Alberta
- Regional anthem of Alberta
- Lyrics: Mary Kieftenbeld
- Music: Mary Kieftenbeld
- Adopted: 2005

= Alberta (anthem) =

Provincial song of Alberta, Canada

"Alberta" is the regional anthem of the province of Alberta, Canada. It was adopted as the official provincial song in preparation for the province's centennial celebrations in 2005.
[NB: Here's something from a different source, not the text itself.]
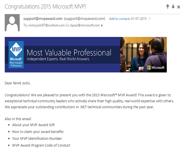 I have published many articles on MVC 5 and they have been selected as "Articles of the Day" on www.asp.net. I nominated myself for Microsoft MVP, and YES, finally I got it. On July 1, 2015, I received an email from Microsoft that "You have been awarded as a Microsoft MVP."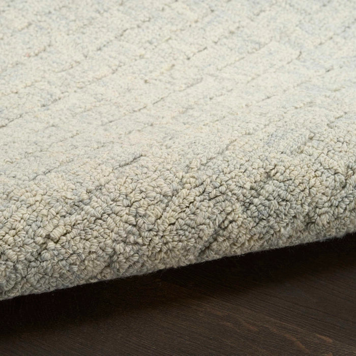 Relaxed simplicity meets sophisticated style with this light blue textured rug from the DKNY Pure Grids collection. This handmade rug thoughtfully balances form and function through a densely looped high-low pile made from 100% wool - a naturally durable, stain-resistant, and hypoallergenic fiber.

The song was selected following a competition mandated by the Alberta Official Song Act, introduced in the Legislative Assembly of Alberta by Calgary Member of the Legislative Assembly (MLA) Wayne Cao in May 2001 and passed by the legislature in November of that year. The chosen song, selected by the 13-member Alberta Official Song Committee, was written by Mary Kieftenbeld. The song has been recorded in country and pop versions.

==Lyrics==
Flatlands, rollin' plains
Clear blue skies, prairie rains;
A tapestry of colours in the fall.
Snow covered mountain tops,
Wheat fields, canola crops;
Alberta has it all.

Alberta is calling me.
Home sweet home, it's where I'm proud to be.
Alberta is calling me.
Livin' right I'm feelin' free.

First Nations built the land
Fur trade, way back then.
We've come a long way since that.
Agriculture, lumberjacks,
Oil derricks, natural gas;
There is no turnin' back.

Alberta is calling me.
Home sweet home, it's where I'm proud to be.
Alberta is calling me.
Livin' right I'm feelin' free.

Bridge:
Culture diverse as it can be.
This is the land of opportunity.
Welcoming friends, night and day.
That's the way I pray Alberta stays.